Other Proposed Uses
The race to discover a more economical source of hormones was won by a scientist/businessman named Russell Marker. In the 1940s, he perfected a method of synthesizing progesterone from a constituent of wild yam called diosgenin. This process involves several chemical transformations carried out in the laboratory.
Marker focused his attention on two species of yam found in Mexico, Dioscorea macrostachya and Dioscorea barabasco , the latter of which is richer in diosgenin, while the former is much easier to harvest in the wild. He formed a manufacturing company in Mexico that produced progesterone and DHEA from these raw materials.
Unfortunately, corporate competition and difficult labor conditions eventually forced him to close his plant. But Marker's method of synthesizing progesterone continued to be used, bringing the price down drastically and helping to pave the way for the modern birth control pill. Progesterone continued to be manufactured from wild yam for decades, until a cheaper source of raw material was found in cultivated soybeans.
But neither soybeans nor wild yam contain progesterone. They only contain chemicals that chemists can use as a starting point to manufacture progesterone. However, just because chemists can make progesterone out of diosgenin does not mean that the body can do the same.

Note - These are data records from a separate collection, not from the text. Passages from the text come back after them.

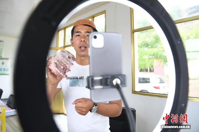 图为张忠山直播售卖羊肉产品。(资料图)杨艳敏 摄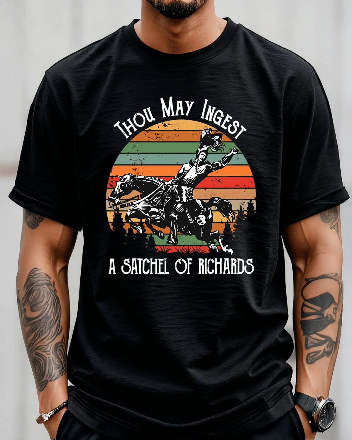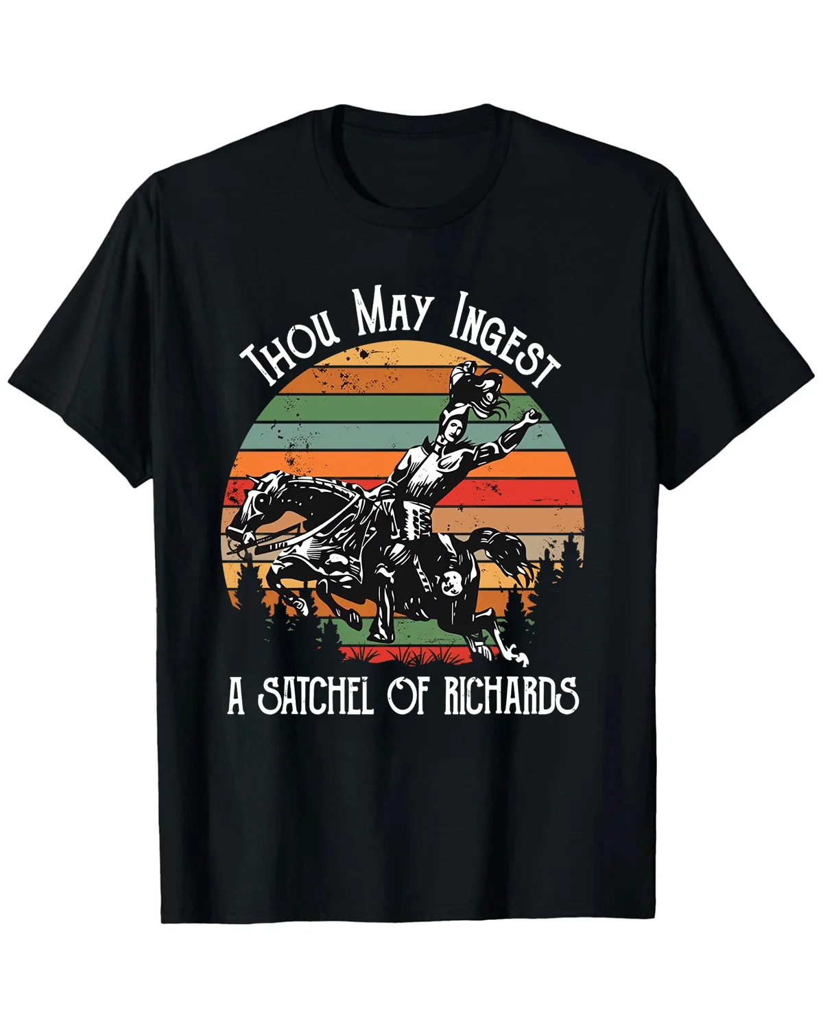 Medieval Knight on Horseback Summer Cotton Graphic T Shirt-Vintage Retro,Short Sleeve,Soft Fabric,Comfortable Fit
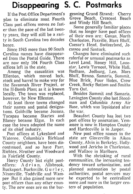 If the Post Office Department’s plan to climinale most Fourth Class post offices moves no faster than the pace of the last twenty years, they will still be a rarity in South Carolina two decades hence. Since 1945 more than 90 South Carolina names have disappeared from the Postal Guide. There are now only 104 Fourth Class offices left in the state. Among the causalities … Continue reading Disappearing S. C. Postmarks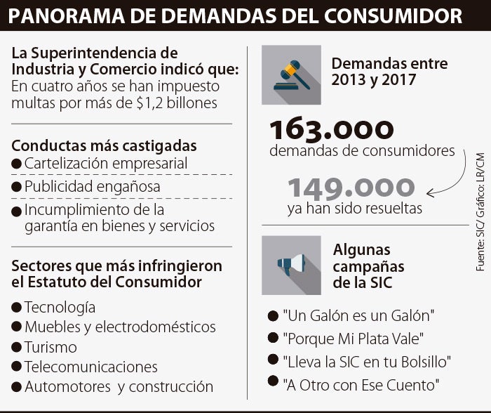 Según la entidad, los sectores que más infringieron el Estatuto del Consumidor (Ley 1480 de 2011), afectando a los usuarios, fueron el de tecnología, telecomunicaciones, muebles y electrodomésticos, turismo, automotores y construcción, debido a que incurren en prácticas indebidas, tales como la cartelización empresarial, la publicidad engañosa, el incumplimiento de la garantía en bienes y servicios, la inobservancia de órdenes e instrucciones impartidas y la usura.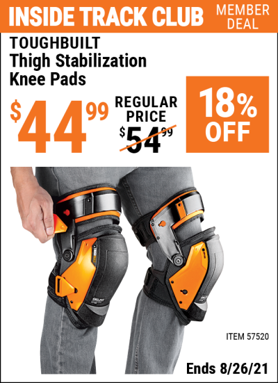 ITC TOUGHBUILT THIGH STABILIZATION KNEE PADS Lot No. 57520 Expired: 8/26/21 - $44.99 Coupon Code: 'n/a'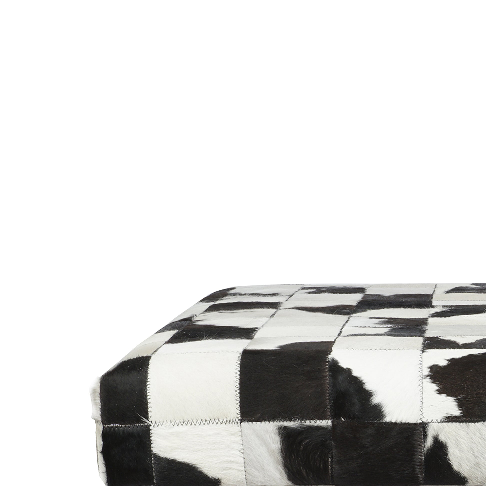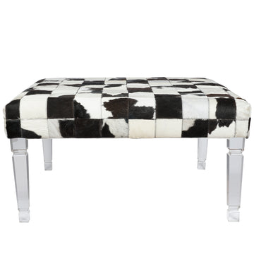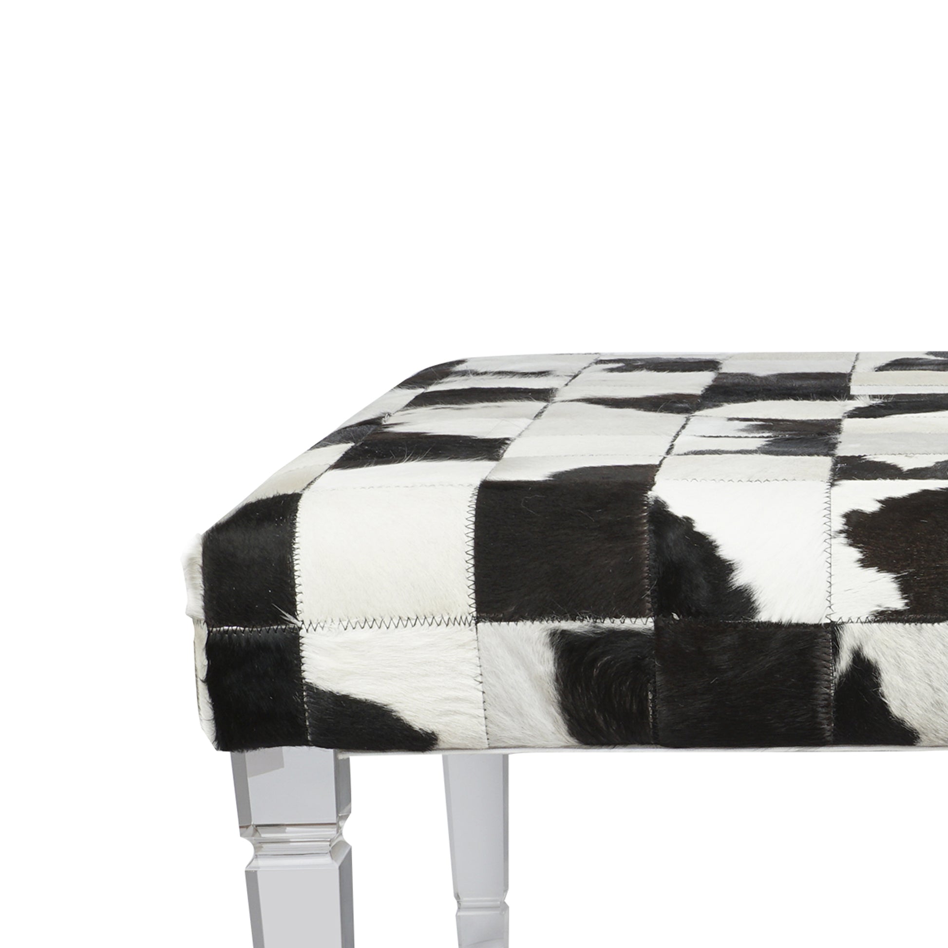 Cow Hide Upholstered Bench With Acrylic Legs, White And Black Black White Wood Fabric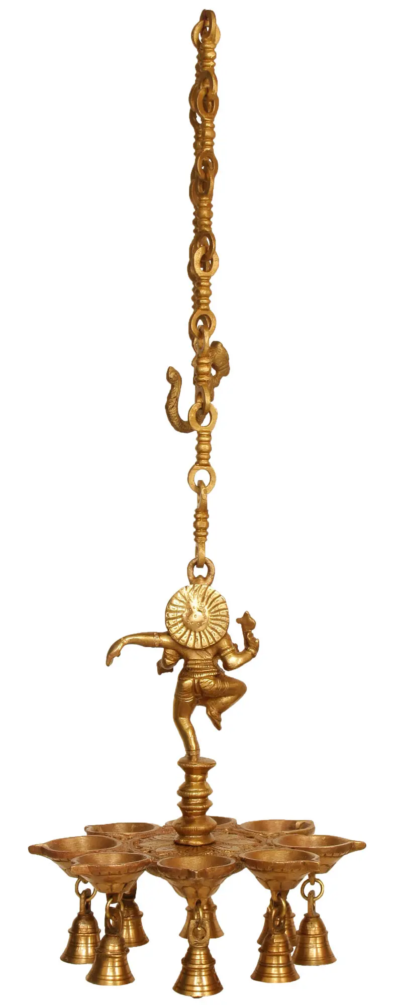 This eight-wick lamp, complete with bells and a sacred figure of Nritya Ganapati, represents everything Shubh (holy). This brass lamp in the traditional Kerala Thooku Vilakku form pays homage to Lord Ganesha's unending strength and understanding. Lord Ganesh, with his curled elephant trunk and huge girth, and a brilliance that outshines billions of suns, eliminates all obstructions to my true endeavors and blesses all living creatures through the warmth of the lamp. Because of the dancing picture of Lord Ganapati, who is also known as the patron of all arts, the lamp serves as a vehicle for lighting and praying to Lord Ganesha with all the utmost sincerity.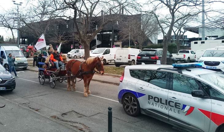 17/01 : Aux alentours Reportage Vidéo Aix : Les agriculteurs de Trets avec leur cheval et de tout le département ont paralysé Aix pour défendre leur métier !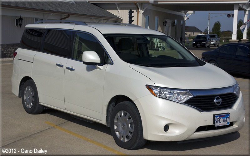 The 2012 Nissan Quest minivan which was my ride while in La Plata, MO. This was not my first choice for a vehicle since I was travelling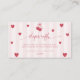 Designed to perfectly match the Sweetheart baby shower invitation, this card features soft pink tones, charming hearts, sweet cherries, and a delicate bow for a romantic coquette look.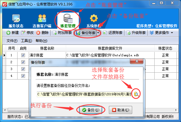 ????一、在信管飛倉庫管理軟件應用中心程序中執行賬套備份。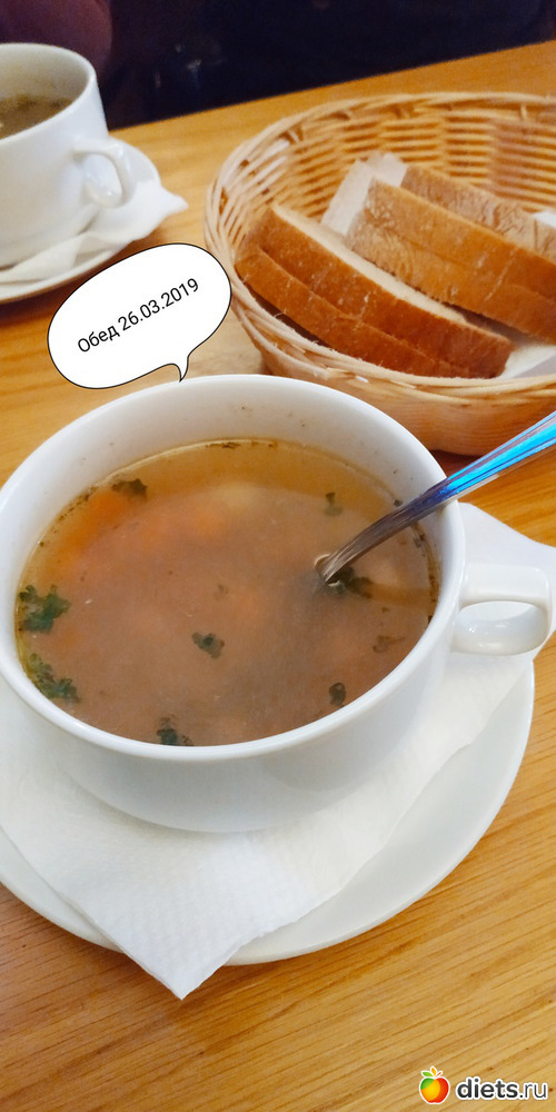 Суп с перловкой, порции второго картофельное пюре и окорочок. Брали два обеда на троих. 1кусочек серого хлеба.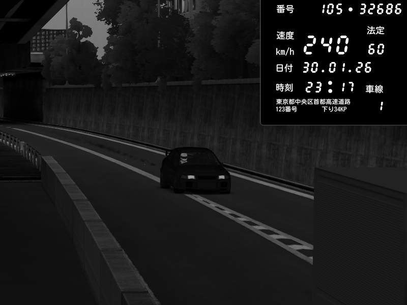 | 2026/01/30 23:17 | C1外回り 京橋 | 240 / 60 km/h | Mitsubishi Lancer Evolution V Wangan Spec | CAPTURE |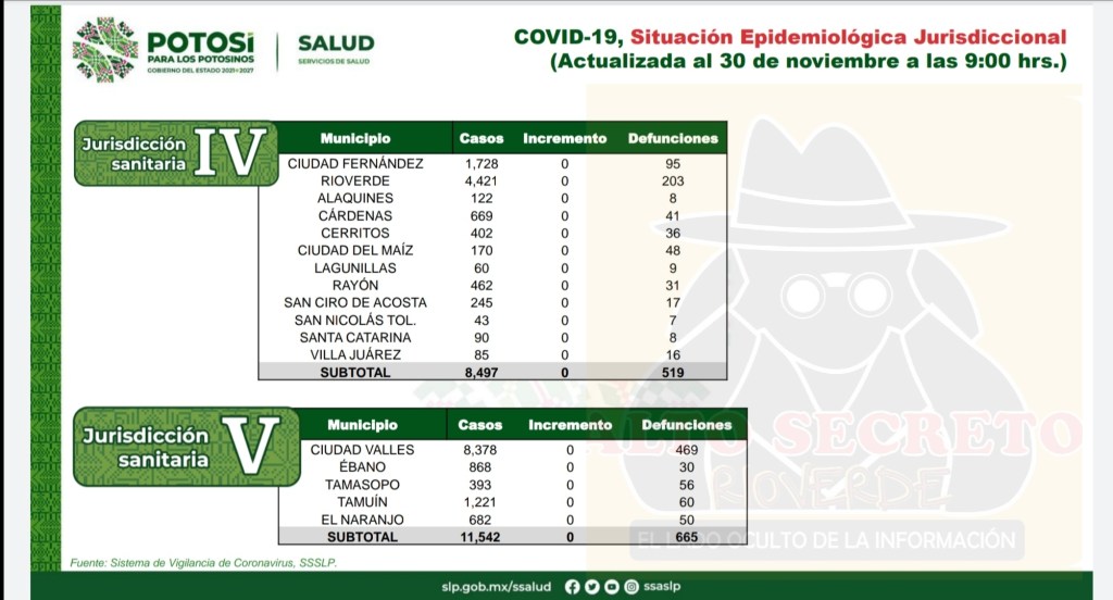 En lo que al municipio de Rioverde se refiere suman ya 4,421 casos positivos y 203 decesos.
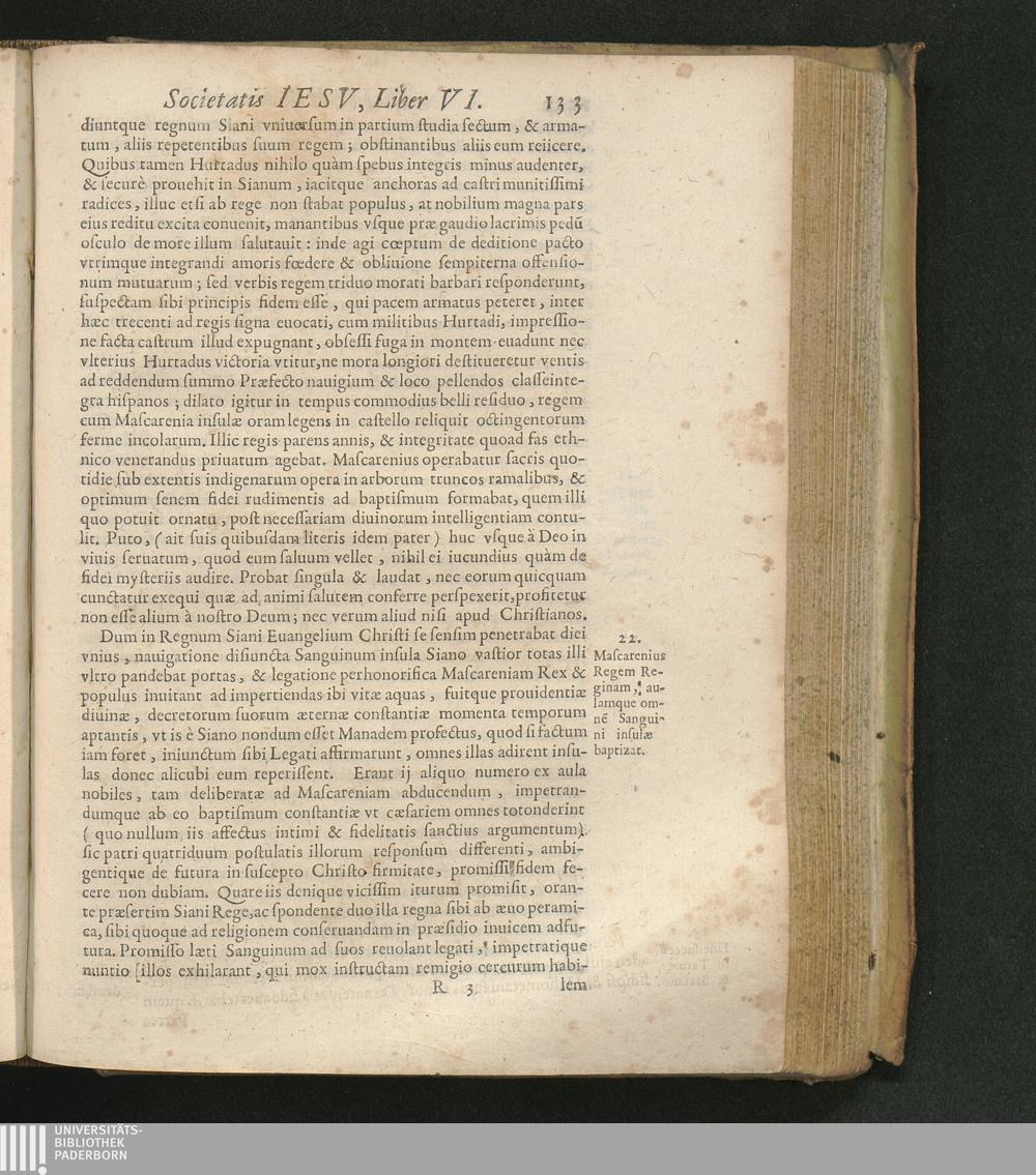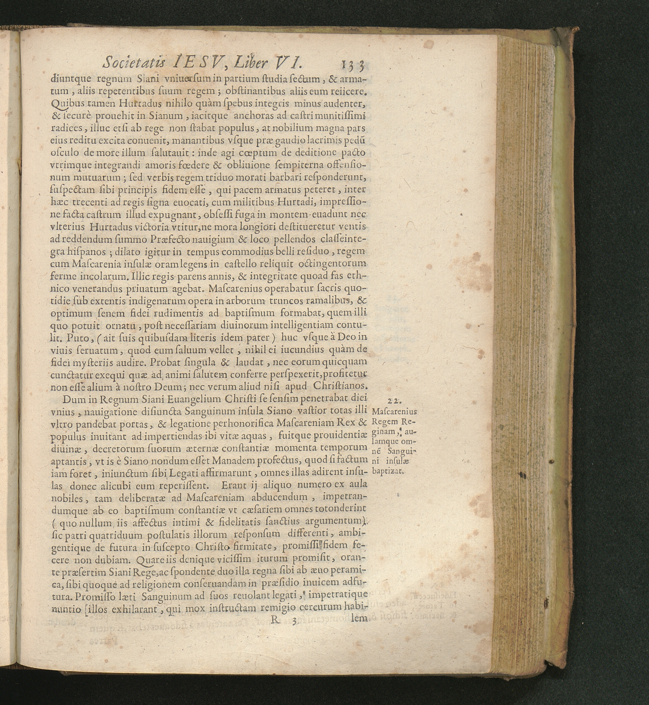 22. Mascarenius Regem Reginam, aulamque omne[m] Sanguini insulæ baptizat.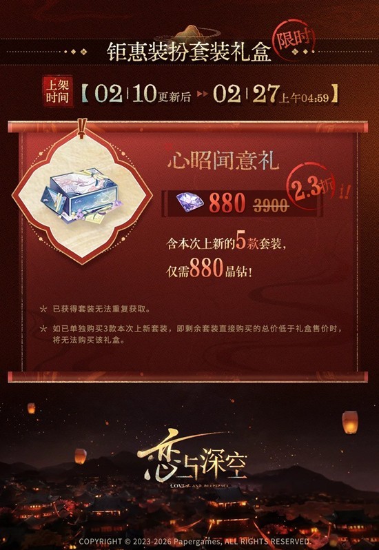 2月10日更新后~2月27日上午4:59,本次上新装扮套装打包购买折上折!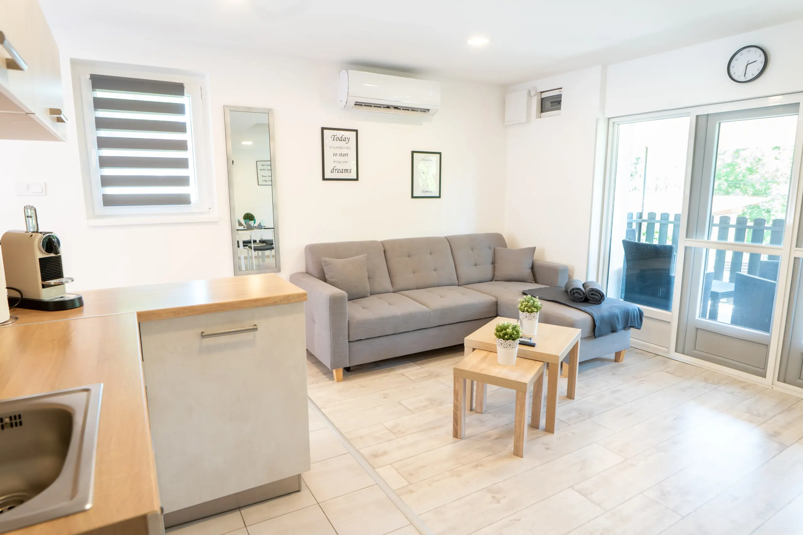 A tágas apartman három külön hálószobával rendelkezik, így akár nagyobb társaságok számára is kényelmes szállást biztosít. Elöl egy kisebb terasz, hátul pedig egy hatalmas privát udvar és terasz vár, ahol grillezési lehetőség teszi még hangulatosabbá az együtt töltött időt. Az udvaron saját parkolók is rendelkezésre állnak, így az autókkal érkező vendégeknek sem kell aggódniuk.

Actually, it is very unlikely because the steps used by chemists to carry out this conversion do not even remotely resemble natural processes. Thus, any product that claims to contain "natural progesterone from wild yam" is misleading.
An interesting point is that some wild yam products do contain progesterone. Are we contradicting ourselves? Not at all. Manufacturers add synthetic progesterone to these creams. There may be a value to taking progesterone in cream form, but the wild yam part of the product seems to be misleading.